На следующее утро, выходя из дома, я увидел Сидни сидящим на крыльце, в своем, как я уже успел выяснить, неизменном наряде: брюках, свитере, надетом на рубашку с галстуком, и ермолке. В то лето, какая бы ни стояла жара, единственным, что менялось, были цвета его брюк, рубашки и галстука. Ермолка неизменно оставалась черной. Рядом лежала стопка книг, взятых в абонементе в прошлую пятницу; было очевидно, что Сидни ждет меня.

— Ты уже готов? — спросил он.

— Конечно.

Я уже позвонил Бенни и предупредил, что встречусь со всеми позже.

Сидни встал, и мы спустились вниз. Сидни протянул мне книги.

— Подожди, дай я расскажу тебе про «Государя». Эту книгу написал Макиавелли. Он жил в шестнадцатом веке, был философом и политиком, состоял на службе у семейства Медичи и был знаком с семейством Борджиа — о них я расскажу позже. А эта книга целиком посвящена власти. — Он помахал второй книгой. — Ну а «Мандрагора» — это комедия, очень смешная, надеюсь, ты захочешь ее прочесть.

— Может быть, захочу, — сказал я. — Я получу читательский билет и возьму в абонементе.

— Ужасно здорово, Винни! — с гордостью воскликнул Сидни.

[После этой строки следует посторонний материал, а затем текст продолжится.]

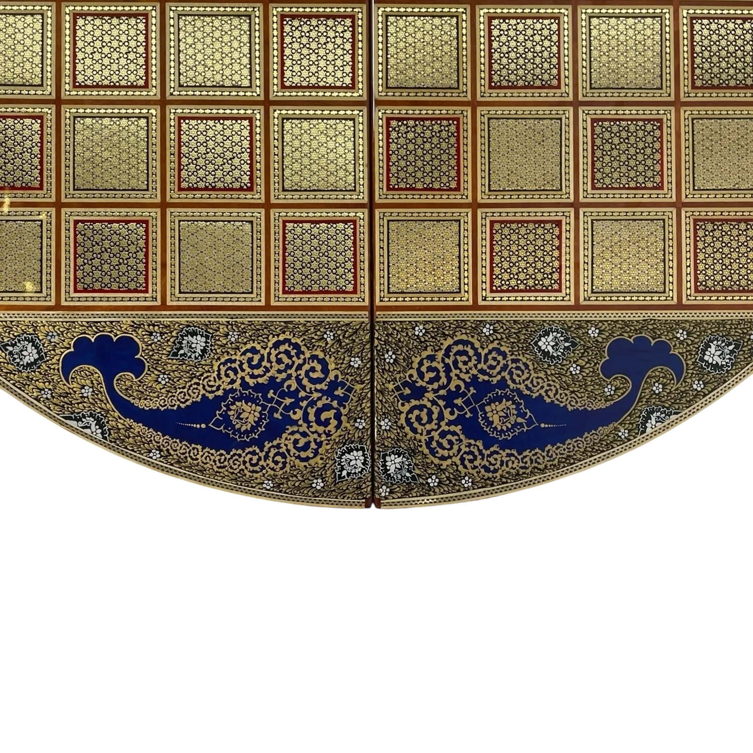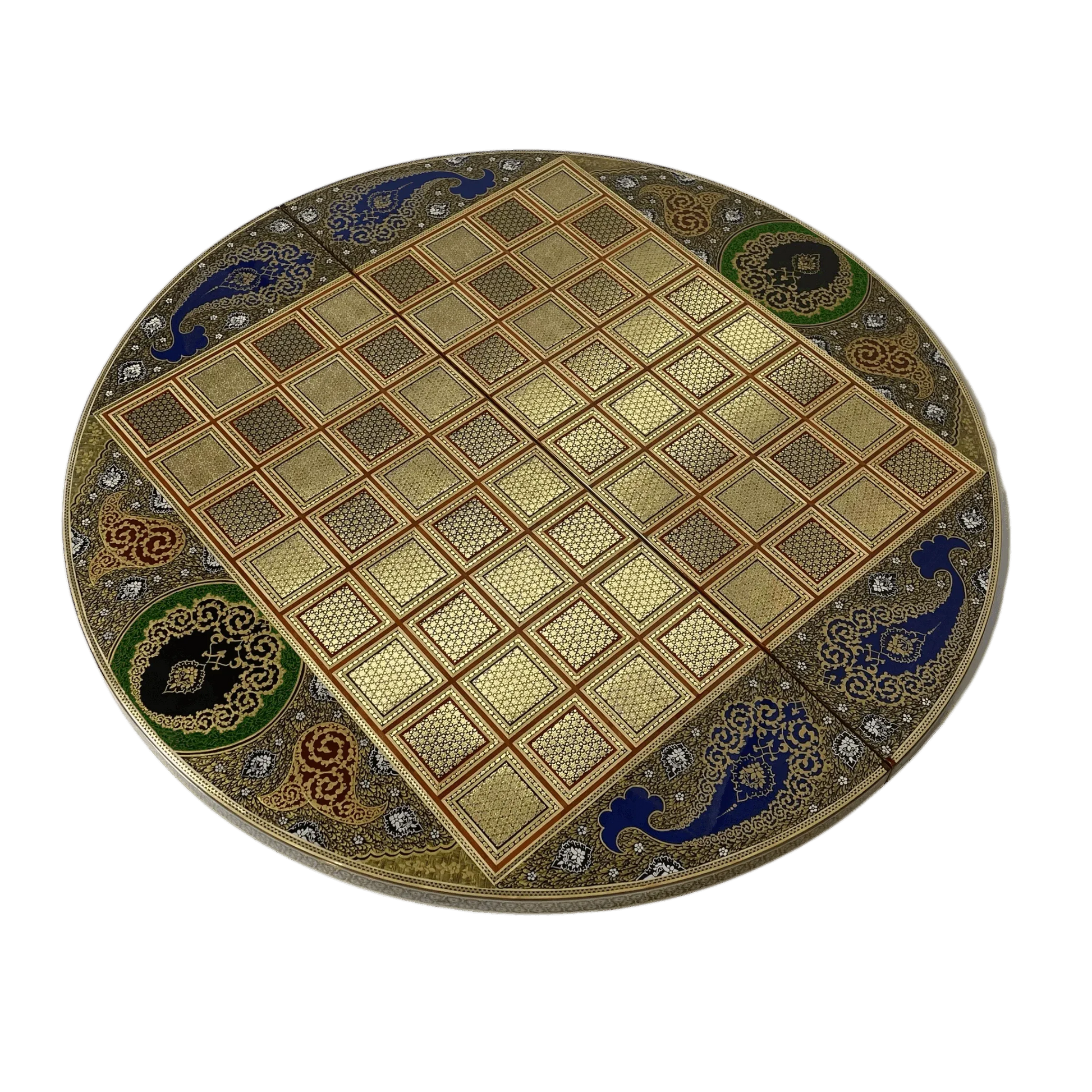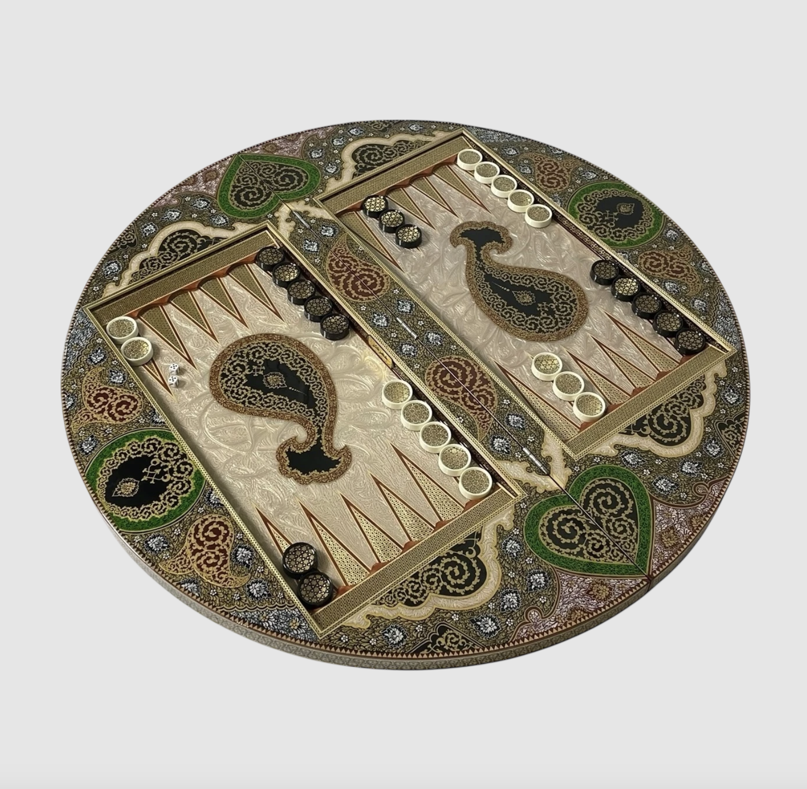 The round backgammon and chess board is a magnificent manifestation of authentic Arabian art; a work that showcases the elegance of craftsmanship and the spirit of traditional art in a luxurious and eye-catching form.

Когда мы вошли в главный читальный зал, там уже было довольно много народа, и нам пришлось стоять в очереди, чтобы вернуть книги. Затем я заполнил анкету, и мы направились к книжным шкафам. Сидни решил продолжить знакомство с эпохой Возрождения, но постарался не обращаться к политике до тех пор, пока я сам не прочитаю «Государя», поэтому мы потратили весь день на изучение жизни и творчества трех самых известных мастеров того периода: Леонардо да Винчи, Рафаэля и Микеланджело. Их работы уже говорили сами за себя, но история их жизни позволяла получить представление о той эпохе.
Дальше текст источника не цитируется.